After being told the story, Michael returns to school. He finds a plaque commemorating Bertie's heroic acts in the war, and learns from a teacher that Millie died only a few months after Bertie. Michael goes back to the house, finding it deserted. He then hears Millie's voice asking him to look after the chalk lion on the hill.

==Release and adaptation==
The novel was first published in Great Britain by Collins in 1996, and won the 1996 Smarties book prize, and the Writers' Guild Award in 1995.

The book was adapted into a stage play by Daniel Buckroyd of the Mercury Theatre, Colchester, which toured the UK in 2013. The play featured Gwen Taylor and Adam Buchanan in the title roles. British theatre critic Lyn Gardner said in his review of the play that "this is a gripping and ultimately touching couple of hours, made all the more compelling by Daniel Buckroyd's staging ... Buckroyd is as much a storyteller as Morpurgo, and while the narration is initially a little clumsy and overemphatic, and the physical theatre element somewhat overworked, the performances find rhythm and power ... it may be an old-fashioned, nostalgic story, but music, storytelling, design, puppetry and stagecraft come together".

==Reviews==
Gebregeorgis Yohannes wrote in the School Library Journal; "this touching story is well written and emotionally satisfying. Readers will be drawn to this fascinating tale of a unique friendship between boy and beast. In addition to being a successful adventure story, the book demonstrates the value of character – of keeping promises standing up for one's beliefs, and courage under fire". Nick Smurthwaite of Design Week said "the combination of Morpurgo's imaginative story-telling and Birmingham's lovingly detailed pictures has proved to be one of the biggest success stories of children's literature in the 1990s".

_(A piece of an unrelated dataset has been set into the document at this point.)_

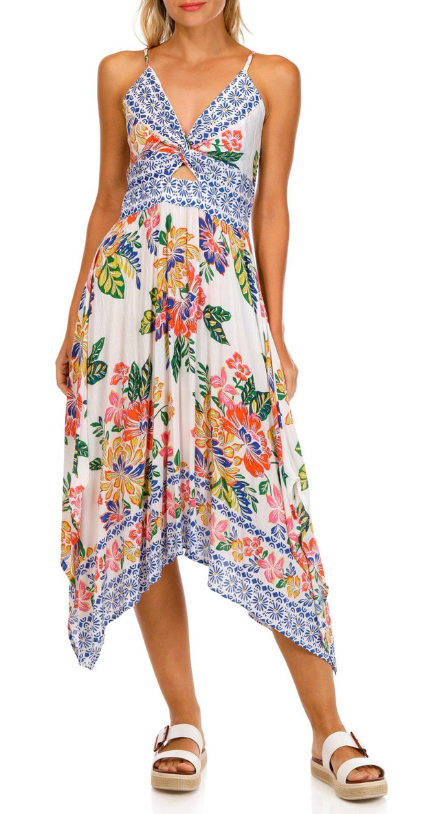 This Sleeveless Maxi Dress features a vibrant print pattern, adjustable straps, and a stylish front twist detail. Flattering and flowy, its perfect for effortless summer style and all day comfort.

Publishers Weekly said in their review that the "conclusion is sweet, but unless readers can picture the famous White Horse on the hillside at Uffington, they will have difficulty imagining an adult Bertie and his wife carving out a similar picture of the white lion or blue butterflies alighting on it en masse to drink on the chalk face – concepts critical to the book's conclusion".

In her review for the Booklist, Kathleen Squires wrote "the story sounds hokey, but Morpurgo evocatively captures the South African landscape and presents young, lonely Bertie's heartbreak and his blossoming friendship and love for Millie with genuine emotion and tender poignancy. Eventually, a reunion does come after Bertie goes off to fight the war in France. When the lion finally dies, Bertie and Millie honor it by carving a monument that attracts beautiful blue butterflies. With just the right mix of tension and romance, this short, sophisticated novel will appeal especially to animal lovers".